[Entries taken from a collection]
________

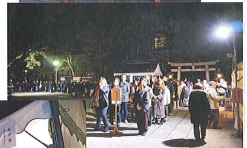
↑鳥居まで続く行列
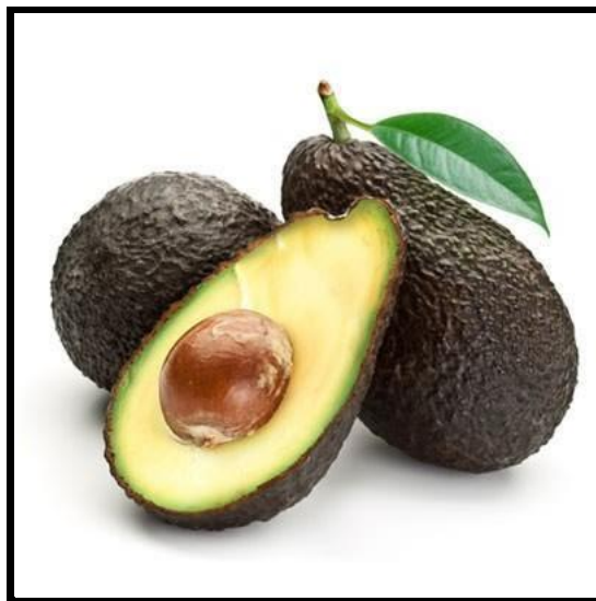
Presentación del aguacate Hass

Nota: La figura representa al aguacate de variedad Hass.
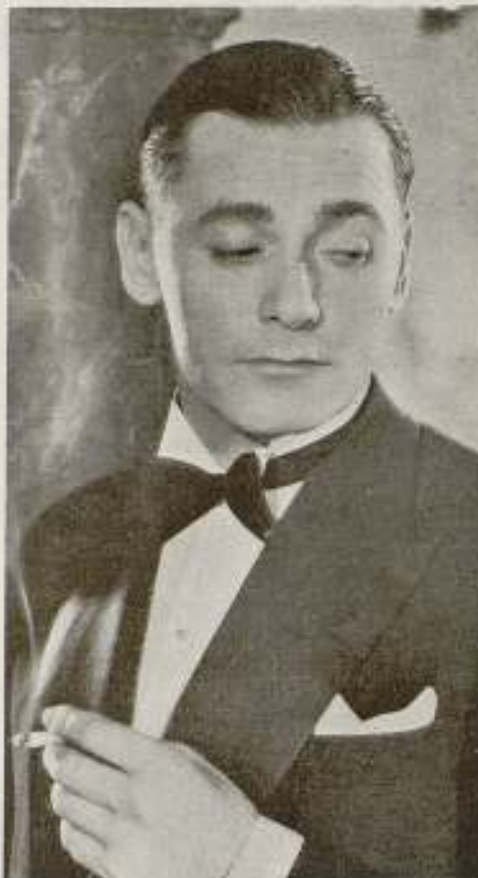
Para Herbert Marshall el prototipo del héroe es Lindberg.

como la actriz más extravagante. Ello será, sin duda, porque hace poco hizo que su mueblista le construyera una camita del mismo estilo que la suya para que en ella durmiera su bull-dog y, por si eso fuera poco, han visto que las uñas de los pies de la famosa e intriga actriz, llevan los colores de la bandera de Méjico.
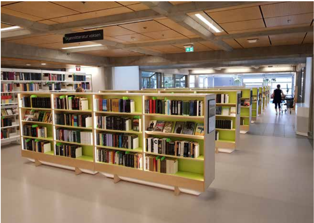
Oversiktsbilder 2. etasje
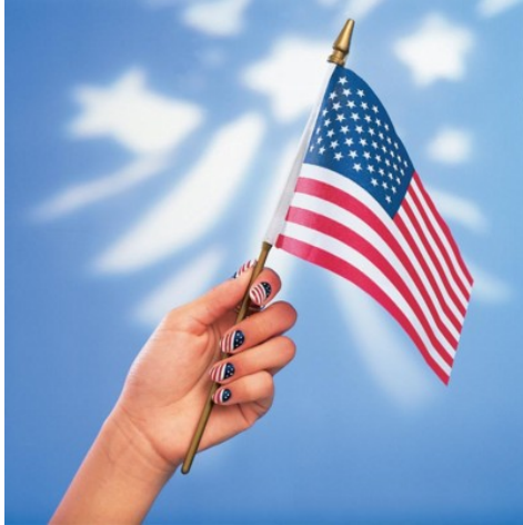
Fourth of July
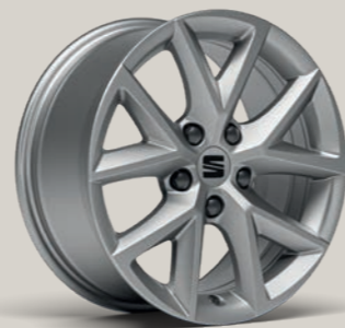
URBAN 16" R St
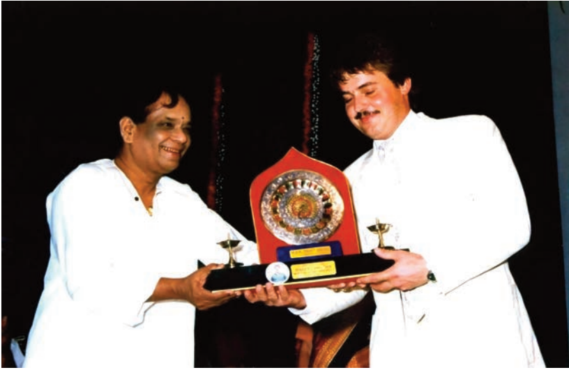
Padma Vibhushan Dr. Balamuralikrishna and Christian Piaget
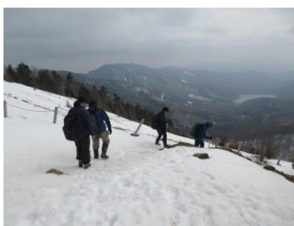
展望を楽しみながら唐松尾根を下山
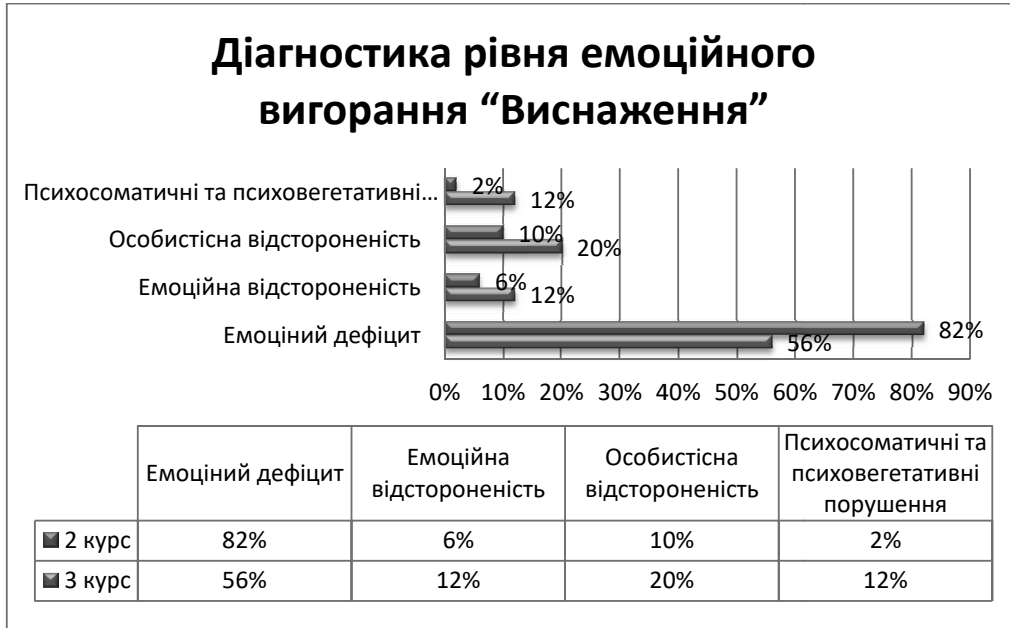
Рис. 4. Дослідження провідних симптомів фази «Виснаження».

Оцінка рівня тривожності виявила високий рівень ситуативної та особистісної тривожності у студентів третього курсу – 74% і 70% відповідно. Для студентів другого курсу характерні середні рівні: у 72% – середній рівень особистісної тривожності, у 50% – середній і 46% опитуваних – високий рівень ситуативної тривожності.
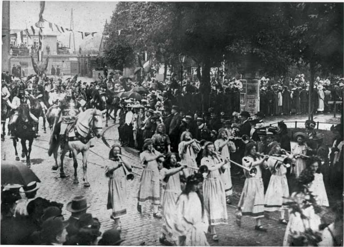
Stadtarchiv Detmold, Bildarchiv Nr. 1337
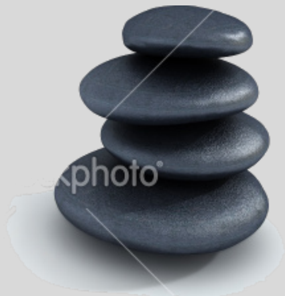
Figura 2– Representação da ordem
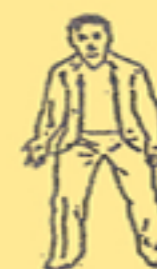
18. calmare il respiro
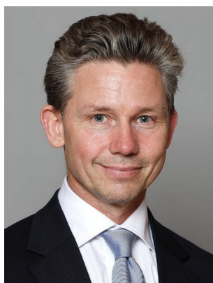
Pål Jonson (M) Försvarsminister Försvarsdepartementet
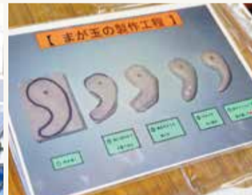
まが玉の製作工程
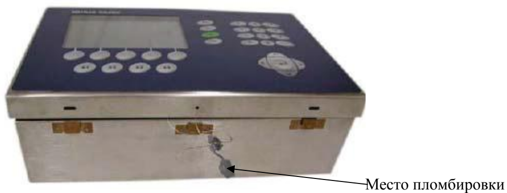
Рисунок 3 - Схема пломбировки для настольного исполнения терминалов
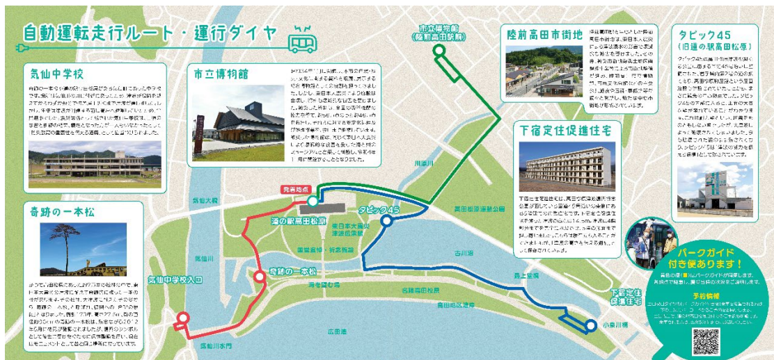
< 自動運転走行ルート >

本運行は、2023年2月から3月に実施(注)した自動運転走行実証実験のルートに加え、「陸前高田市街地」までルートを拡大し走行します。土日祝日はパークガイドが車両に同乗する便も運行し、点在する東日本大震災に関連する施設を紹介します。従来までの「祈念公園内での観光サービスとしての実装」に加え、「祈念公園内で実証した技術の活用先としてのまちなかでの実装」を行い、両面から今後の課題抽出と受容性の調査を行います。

________

§ TASK INSTRUCTIONS
The records above should be output exactly, but without any of their pictures.

§ YOUR SOLUTION
↑鳥居まで続く行列
Presentación del aguacate Hass

Nota: La figura representa al aguacate de variedad Hass.
Para Herbert Marshall el prototipo del héroe es Lindberg.

como la actriz más extravagante. Ello será, sin duda, porque hace poco hizo que su mueblista le construyera una camita del mismo estilo que la suya para que en ella durmiera su bull-dog y, por si eso fuera poco, han visto que las uñas de los pies de la famosa e intriga actriz, llevan los colores de la bandera de Méjico.
Oversiktsbilder 2. etasje
Fourth of July
URBAN 16" R St
Padma Vibhushan Dr. Balamuralikrishna and Christian Piaget
展望を楽しみながら唐松尾根を下山
Рис. 4. Дослідження провідних симптомів фази «Виснаження».

Оцінка рівня тривожності виявила високий рівень ситуативної та особистісної тривожності у студентів третього курсу – 74% і 70% відповідно. Для студентів другого курсу характерні середні рівні: у 72% – середній рівень особистісної тривожності, у 50% – середній і 46% опитуваних – високий рівень ситуативної тривожності.
Stadtarchiv Detmold, Bildarchiv Nr. 1337
Figura 2– Representação da ordem
18. calmare il respiro
Pål Jonson (M) Försvarsminister Försvarsdepartementet
まが玉の製作工程
Рисунок 3 - Схема пломбировки для настольного исполнения терминалов
< 自動運転走行ルート >

本運行は、2023年2月から3月に実施(注)した自動運転走行実証実験のルートに加え、「陸前高田市街地」までルートを拡大し走行します。土日祝日はパークガイドが車両に同乗する便も運行し、点在する東日本大震災に関連する施設を紹介します。従来までの「祈念公園内での観光サービスとしての実装」に加え、「祈念公園内で実証した技術の活用先としてのまちなかでの実装」を行い、両面から今後の課題抽出と受容性の調査を行います。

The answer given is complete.